Cynic – Kindly Bent to Free Us

Cynic - Kindly Bent to Free Us

Cynic - Kindly Bent to Free UsIl fatto che i Cynic si siano sciolti subito dopo aver dato alle stampe un capolavoro come “Focus” carica certamente ogni loro nuova fatica di grande aspettativa. Se a ciò si aggiunge che dopo la reunion, oltre ad un buon “Traced in Air”, abbiamo ottenuto quasi esclusivamente qualche vecchia canzone riarrangiata e poco degna di nota, l’attesa di questa loro nuova fatica si fa insopportabile per gli amanti della band.

Se “Carbon-Based Anatomy” non fosse bastato a far capire che non ci sarebbe stata più alcuna traccia di death-metal nella discografia dei Cynic, allora i tre singoli che hanno anticipato l’album avrebbero dovuto far perdere ogni speranza, anche a coloro che si sarebbero accontentati giusto di un po’ di metal tout court. E “Kindly Bent to Free Us” si presenta difatti come un album molto più tendente al progressive rock. Sembrerebbe quasi che le esperienze maturate nel corso degli anni dal trio si siano condensate in questo loro ultimo full-length, cosicché vi si possa sentire sia qualche atmosfera e sprazzo più alternative rock alla Æon Spoke, che qualche giro fusion che ricorda i Gordian Knot – d’altronde Sean Malone è prima di tutto un bassista jazz/fusion, e ha un tocco talmente personale che risulterebbe impossibile non distinguerlo da quello di altri bassisti.

L’altro tratto estremamente distintivo del loro sound rimane la voce di Masvidal che viene, risultando un po’ noiosa a lungo andare, continuamente effettata con un vocoder nonostante il cantante/chitarrista ormai possa probabilmente farne a meno. È stato invece eliminato ogni minimo spunto tribale che era comparso in “Carbon-Based Anatomy” e che derivava forse dall’avventura dei membri dei Cynic con gli Aghora.
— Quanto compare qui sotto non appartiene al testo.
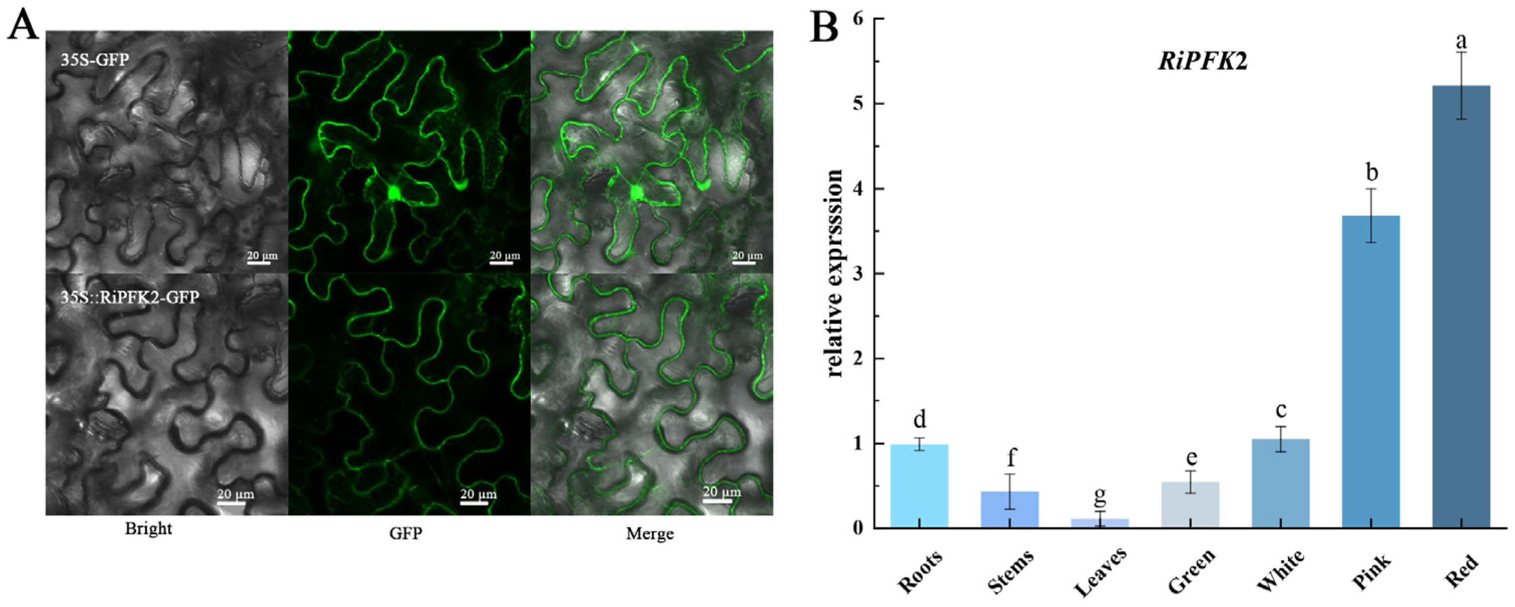 2.7. RiPFK2 Subcellular Localization Analysis of RiPFK2 in Tobacco (Nicotiana benthamiana)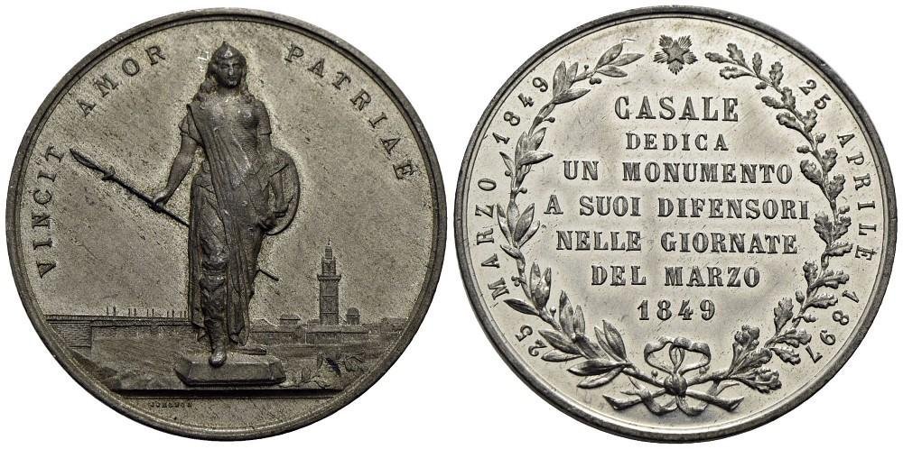Medaglia coniata, emessa il 25-04-1897 a ricordo dell'inaugurazione del Monumento La Difesa di Casale, opera dello Scultore Francesco Porzio (1854-1934).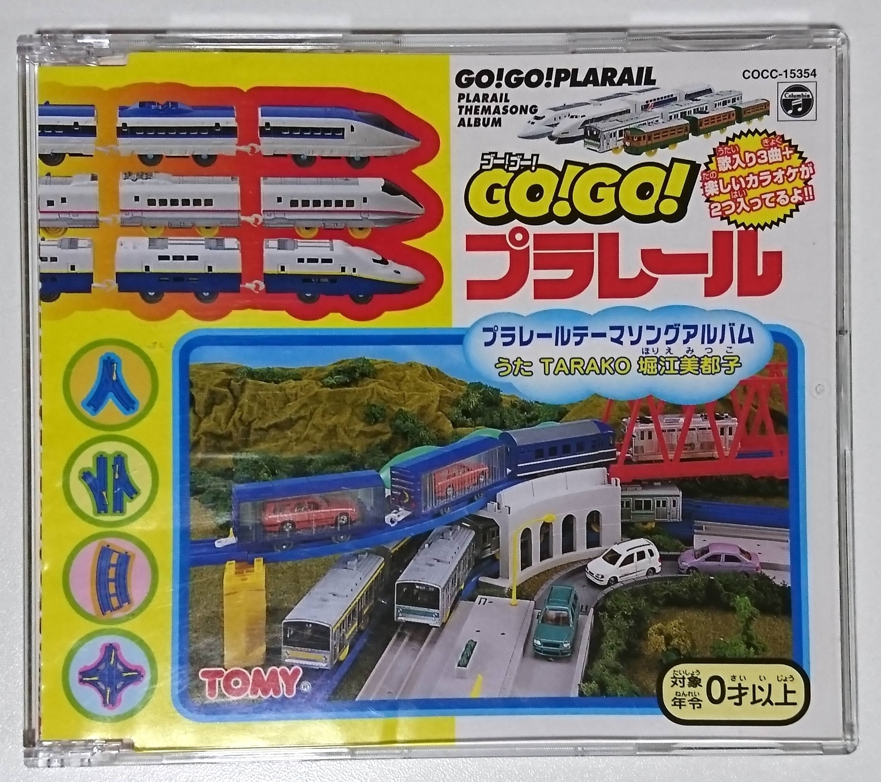 「プラレールテーマソングアルバム」と称されるCD。TARAKO歌唱の「プ!プラレール」「鉄道的哀歌(でんしゃぶうるす)」のボーカル版・カラオケ版と、堀江美都子歌唱の「進め!冒険アスファル島」の5曲が収録されています。しかし「鉄道的哀歌(でんしゃぶうるす)」とは、子供向けにしては渋すぎるタイトルですね。ジャケットの「対象年令0歳以上」というのもそれはそうだろうという感じで面白いです。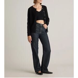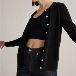 Quince 2024 100% Mongolian Cashmere 2.0 Cardigan Sweater Small Black Preppy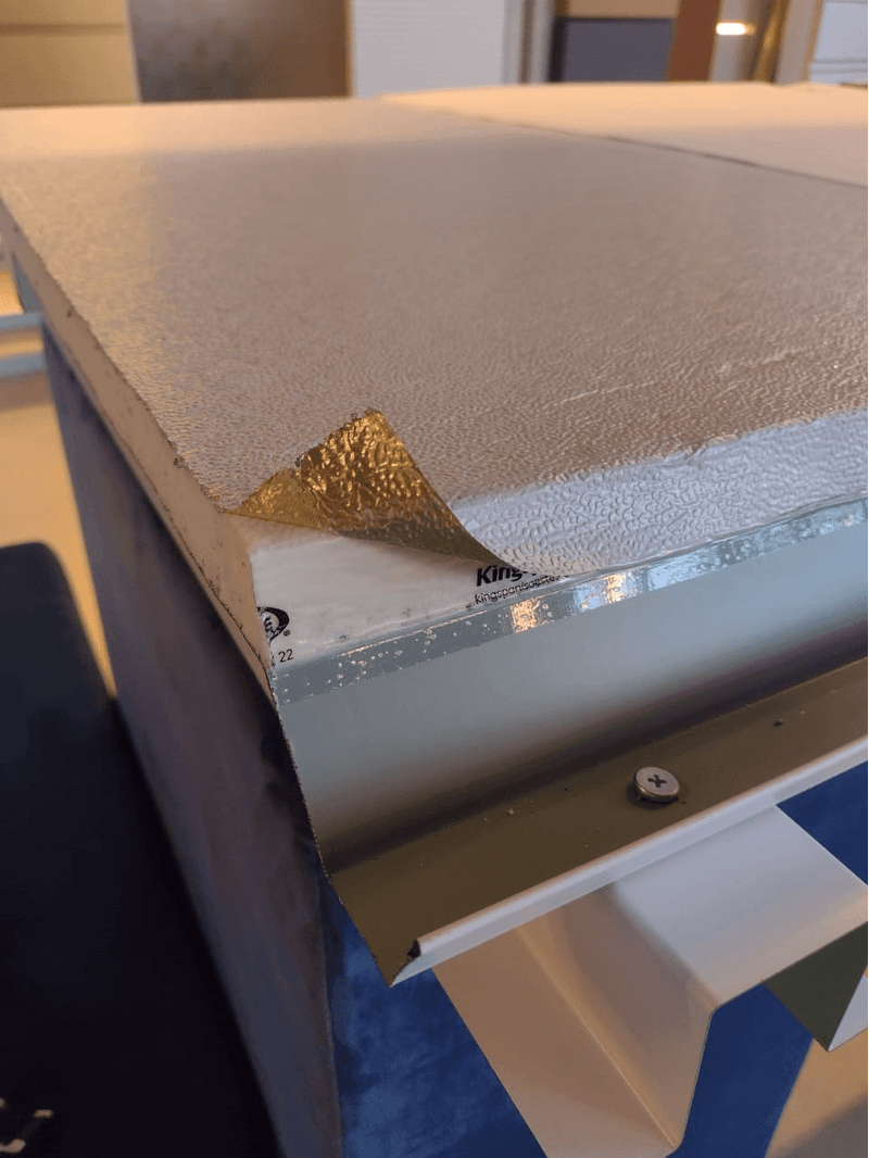 - Camada intermediária: núcleo de PIR (poliisocianurato), que contribui para manter temperaturas internas mais estáveis e reduzir o consumo de energia com climatização.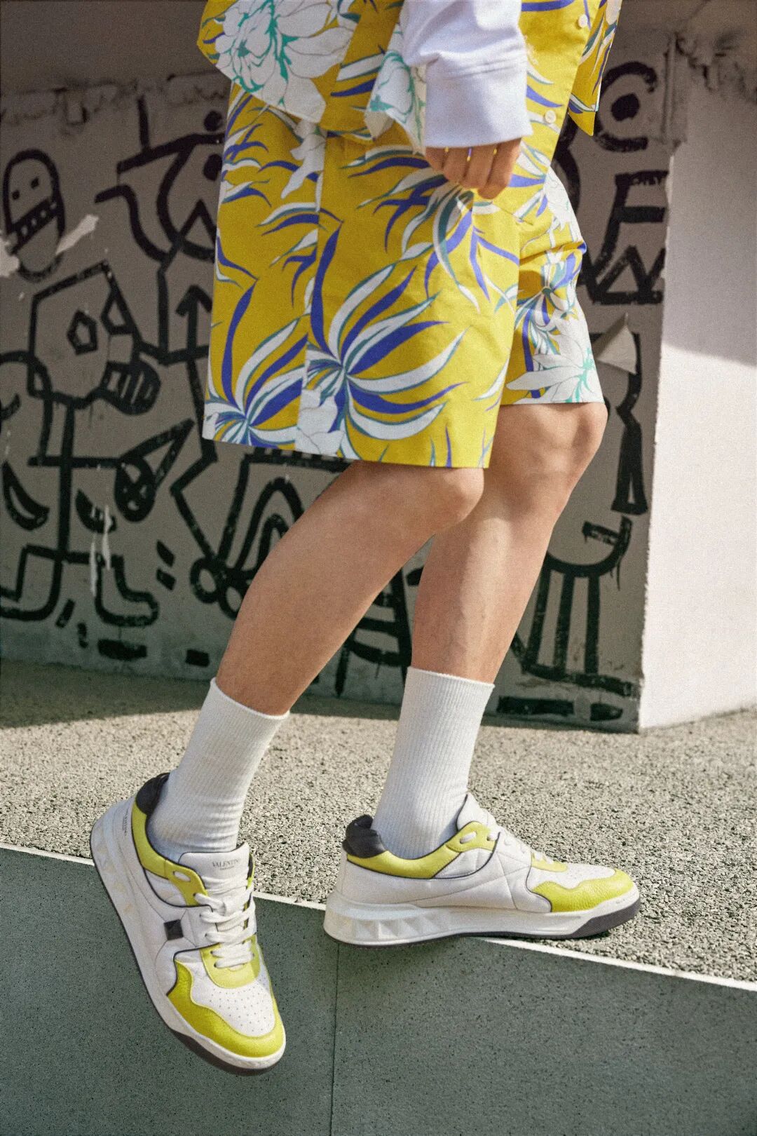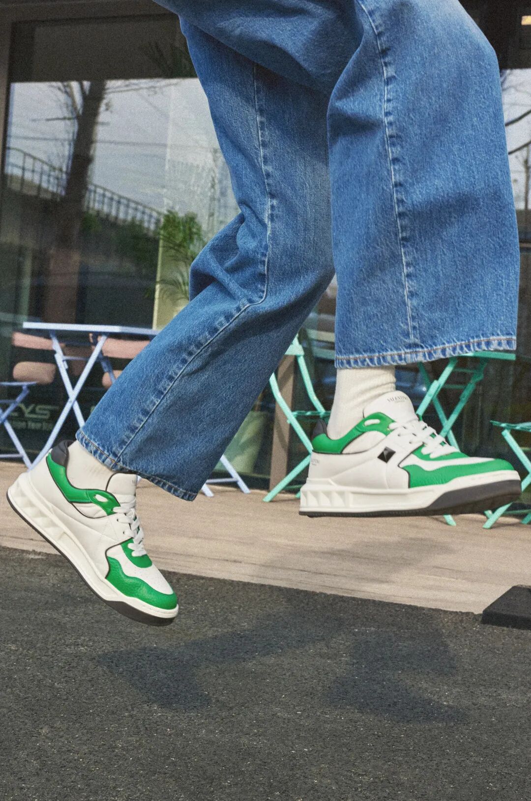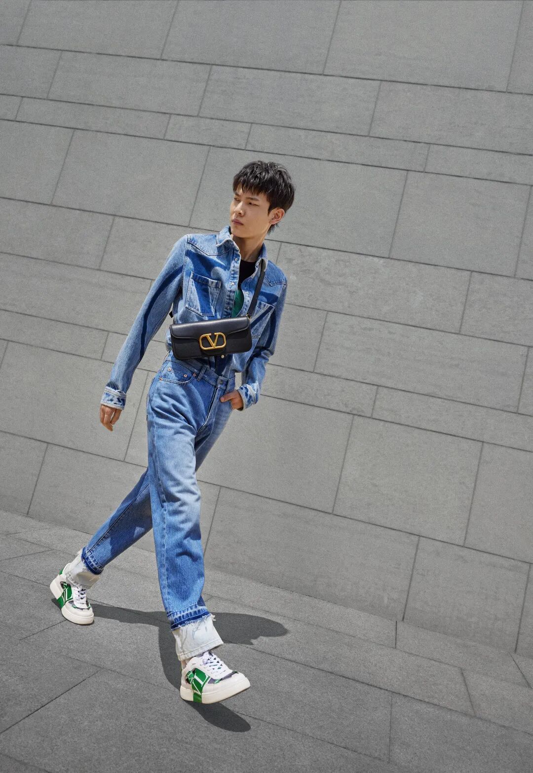 以白、绿色为主打色的 ONE STUD 运动鞋搭配,则应用了 VALENTINO 设计更具街头特点的印花连帽卫衣与直筒廓形的牛仔裤装,注重适应当季穿着习惯的同时,造型整体流露的休闲、随意感亦呈现出 VALENTINO 打破时装边界的多元可能性。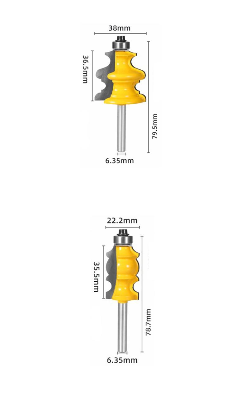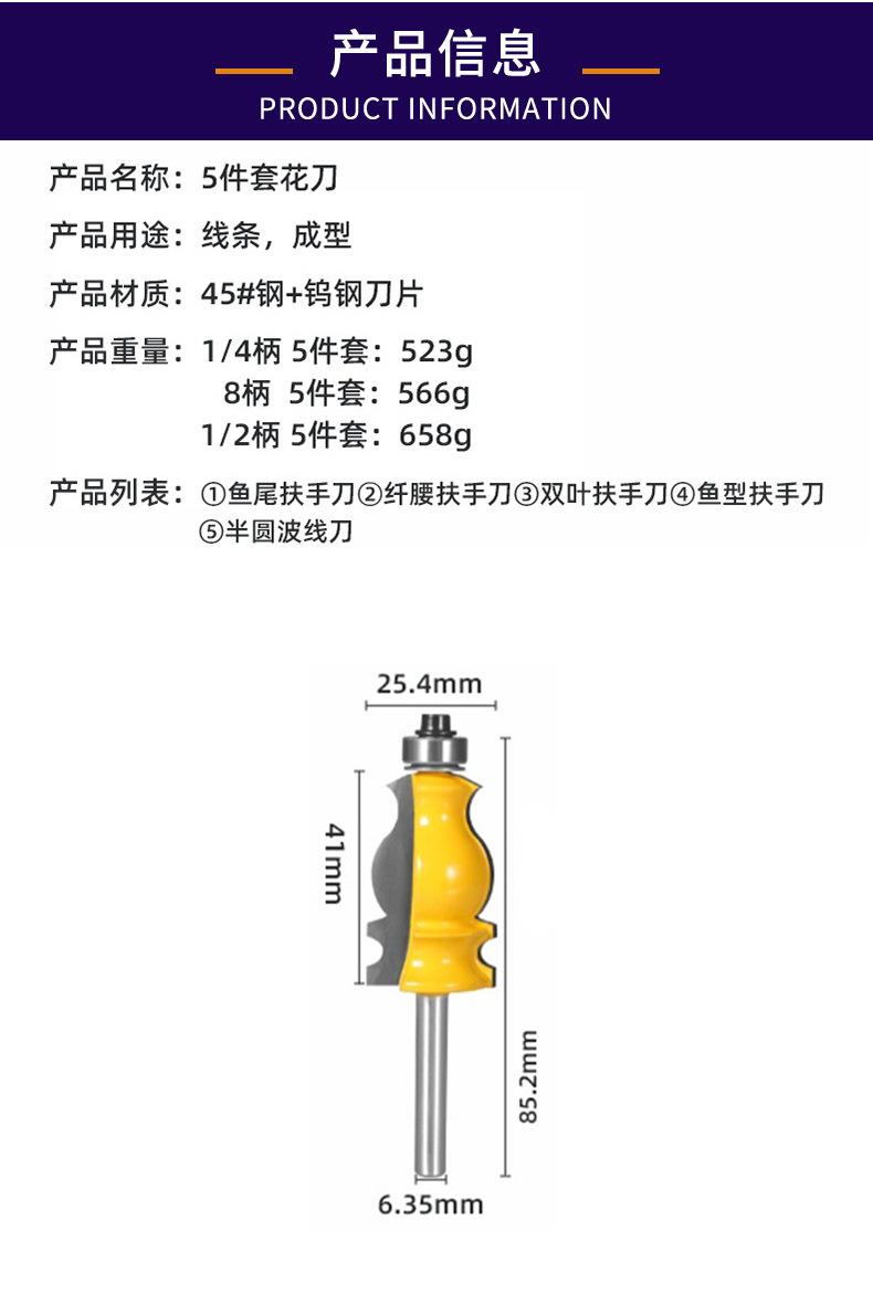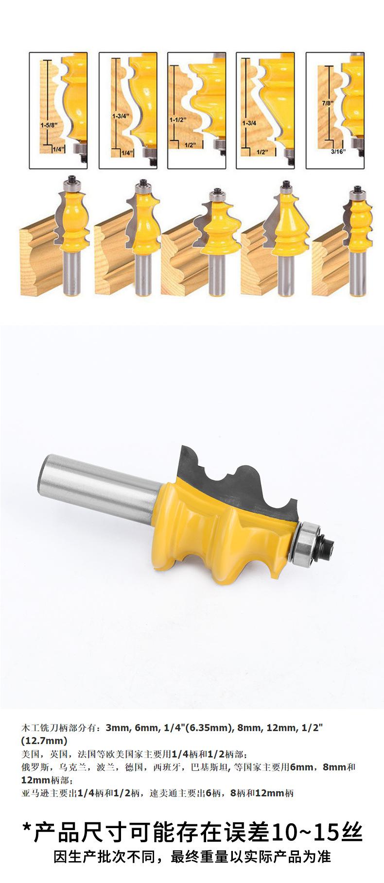 Juego de cinco piezas de fresa para pasamanos mango de 1/4 mango de 8 mango de 1/2 fresa para encaje fresa para línea superior de puerta de mueble fresa para carpintería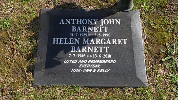(New Plaque 2012) ANTHONY JOHN BARNETT 31-7-1939-5-5-1990 HELEN MARGARET BARNETT 7-7-1945 – 1`3-6-2010 Loved and Remembered everyday. Toni-Ann & Kelly. |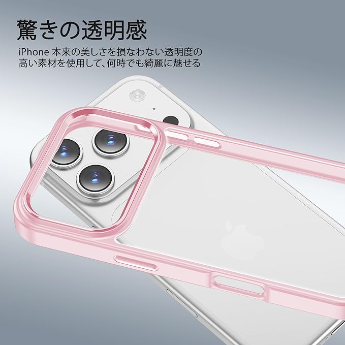 【透明度が高い】背面は高透明度と指紋軽減を両立したポリカーボネート素材を採用、光透過率は99%、透き通った高い透明度を誇り、アイフォン17pro本来の美しさをそのままに楽しめます。高精度表面処理また最新の黄変防止技術を使用することで、あいほん17プロケースを長時間使用しても鮮明で透明性を保ち、日常使用時の指紋や油汚れなどによる損失を軽減することができます。いつものスマホに上品さをプラス。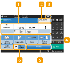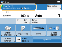 Zeigt den Einstellungsstatus, wie zum Beispiel Kopierfaktor, Papierformat und Anzahl der Kopien, an. Achten Sie darauf, die Einstellungen zu prüfen, um ordnungsgemäß kopieren zu können. Drücken Sie zur Änderung der Einstellung die Schaltfläche unterhalb des Anzeigebereichs.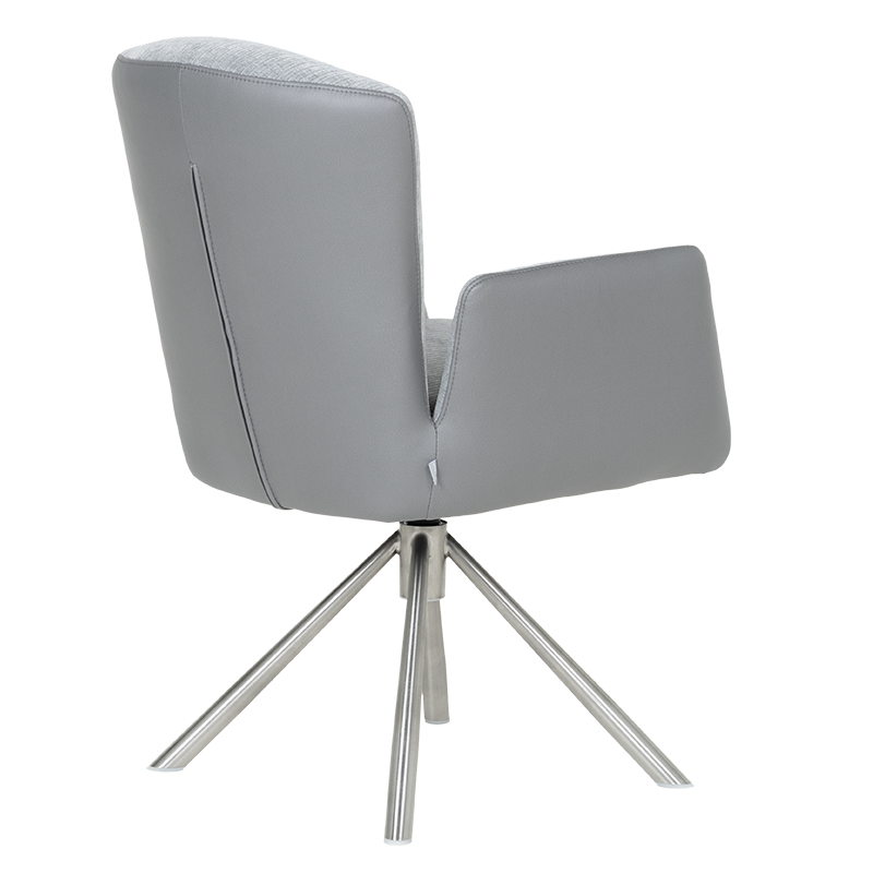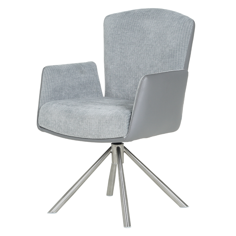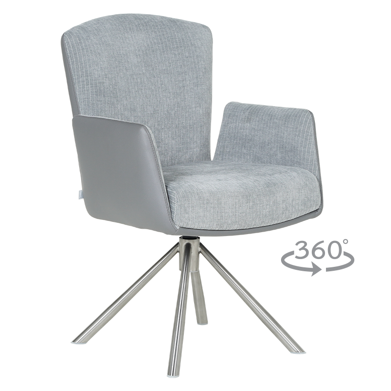 Трапезният стол SINDI впечатлява с модерен дизайн и функционалност, създавайки идеалния баланс между комфорт и стил. Тапицираната седалка с висококачествена дамаска и покет пружини осигурява максимален комфорт, а удобните подлакътници добавят усещане за уют. Една от ключовите функции на SINDI е релакс облегалката с възможност за накланяне назад, която предоставя допълнително удобство и релаксация. Масивната основа от неръждаема стомана придава стабилност и елегантен външен вид. Столът е здрав и издържа до 120 кг, което го прави дълготраен и надежден избор за всяка съвременна трапезария, където се цени както комфортът, така и изтънченият дизайн. Пълна информация за размерите и характеристиките на модела ще намерите в таблицата в таб/поле "Техническа информация".

Dopotutto “Kindly Bent to Free Us”, nonostante rappresenti una svolta rispetto ai precedenti lavori del gruppo, era abbastanza prevedibile. Il problema dell’album è che, nel complesso, suona abbastanza scialbo e poco incisivo, soprattutto nella sua seconda parte, durante la quale l’attenzione dell’ascoltatore cala parecchio. E anche nella prima metà le uniche due tracce veramente riuscite bene sono Kindly Bent to Free Us e Infinite Shapes. La title track è forse la più rappresentativa dell’intero disco, mentre la seconda presenta sonorità futuristiche grazie ad un intelligente utilizzo dei sintetizzatori che, purtroppo, rimane isolato.

In definitiva, il problema dei Cynic post-“Traced in Air” è quello di non riuscire a dare organicità al proprio lavoro, producendo sempre qualcosa di poco omogeneo e che ha sempre il difetto di suonare come incompleto.